Although I got to know deep learning from Prof. Wang Gang by understanding restricted Boltzmann machines, my research on Deep Learning mainly focuses on several kinds of Autoencoders, like Denoising Autoencoder, Contractive Autoencoder, Gated Autoencoder, etc. Together with my supervisor Prof. Yushi, we introduced deep learning methods into the field of hyperspectral image processing, and proposed a new joint spatial-spectral classification method. 

During my intern at the deep learning lab, LISA, at University of Montreal, I rapidly become more familiar with deep learning algorithms and the motivations behind those models. Under the supervision of Prof. Roland Memisevic and Prof. Yoshua Bengio, I learned the theory of Generative Stochastic Networks, and applied it onto gated autoencoder. I tried inference and sampling on gated autoencoders, which learns the relation of two images.

Manifold Learning

When I commenced my postgraduate study, I learnt more methods in pattern recognition and tried to improve them.  By applying manifold learning algorithms to the feature extraction step of hyperspectral image classification, my adviser Prof. Chen and me get some steps forward. These works include a Riemannian manifold learning based kNN classifier, a supervised LLE algorithm and a  Riemannian manifold learning revised Maximum Likelihood Estimator.  All these three proposed methods yield, although in varying degrees, improvements on the classification accuracy.

CUDA Parallel Computing

To accelerate the sophisticated algorithms in Pattern Recognition and its relating areas is another topic involved in my research when I was an undergraduate student. For example, I implemented Spectral Angle Mapping algorithm on NVidia GeForce 560 using CUDA. Compared with its sequeltial conterpart written in C, the total speed up is around 80 times. I also implemented and optimized a parallel edition of Simplex Volume Algorithm using CUDA, yielding a total speedup of more than 300 times to its CPU counterpart. To compare the acceleration efficiency between different parallel architectures, I built up a 4-node cluster by both Hadoop and MATLAB Distributed Computing Service with my partner Haicheng Qu. 

During my internship in Chinese Academy of Science, Ningbo Institute of Materials Technology and Engineering, I implemented a QR factorization algorithm independently (codeson GPU equipped supercomputers - Shuguang1000. It was quite a happy experience working with the research panel there led by Dr. Jun LI.  

Bachelor's Thesis: A CUDA accelerated version of PCA

In my graduation thesis of my bachelor's degree, I inspected on Principle Component Analysis and its application on hyperspectral image classification. I independently implemented PCA in C and its parallel counterpart in CUDA without using ready-made mathematical libraries.

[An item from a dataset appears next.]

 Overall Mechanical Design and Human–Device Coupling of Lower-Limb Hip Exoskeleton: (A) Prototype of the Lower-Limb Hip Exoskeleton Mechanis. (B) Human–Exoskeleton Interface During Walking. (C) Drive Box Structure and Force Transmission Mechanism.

To my best honer  this work is evaluated as the university's excellent graduation thesis.

Master's Thesis: Deep Learning based Hyperspectral Image Feature Extraction and Classification (In processing)

My master's thesis is proposed to focus on two parts. The first is of developing the interpretation of Autoencoder, which is considered more scientifical and statistical related; and the second part is about applying the model into hyperspectral classification, which includes more engineering works such as coding and tuning parameters. I will post the manuscript out on this site after I finish it.

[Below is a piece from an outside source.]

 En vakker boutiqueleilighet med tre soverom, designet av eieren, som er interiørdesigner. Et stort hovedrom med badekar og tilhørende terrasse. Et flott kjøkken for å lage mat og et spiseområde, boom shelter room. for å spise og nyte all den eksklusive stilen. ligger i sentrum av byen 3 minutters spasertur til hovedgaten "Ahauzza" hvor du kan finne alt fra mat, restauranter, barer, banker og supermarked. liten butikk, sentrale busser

Generally speaking, I like doing research and I think I am suited for it. When I was in secondary school, I was a winner of a series of academic Olympics competitions in Math and Physics. In my first year of university studying, I won a Freshman Foundation for research on heating radiators. All these achievements, regardless of their trivialness, have convinced and encouraged me to continue research in my twenties.